Spend from current retail media network (RMN) advertisers is showing signs of cooling, forcing RMNs to look to non-endemic advertisers outside their existing ad networks for new ad dollars.
The key factor to non-endemic RMN growth for both RMNs and advertisers is understanding the customer. “Audiences on both sides need to be evaluated for overlap, looking for things like commonalities in demographics, interests or life stages, to ensure that the advertisements feel contextually relevant,” our analyst Sarah Marzano said on a recent EMARKETER Meet the Analyst webinar.
Retailers need to be able to communicate what they have to offer that’s unique from their peers, she said. For a small number of retailers like Walmart and Amazon, that value will be scale.

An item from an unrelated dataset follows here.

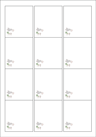 디자인된 A4 라벨지 출력용 라벨스티커, 규격코드: 961, 디자인코드: DX147(비둘기 우편), 61 x 68 (mm)

But for most other retailers, factors like regional loyalty, demographic specificity, and the ability to offer unique insights via first-party data, will be differentiators. “It’s important to make sure that you’re ready to present that in a clearly articulated way,” Marzano said.
Advertisers need to take a comprehensive approach to evaluating RMNs where they consider not only the scale, but the specialized audience as well, said Marzano. Advertisers need to think creatively about where their core audience may be shopping and seek out those RMNs.
There are several reasons non-endemic RMN advertising is gaining attention.
Non-endemic spend in retail media networks comes from complementary categories and industries. This is so advertisements don’t cannibalize a retailers’ sales.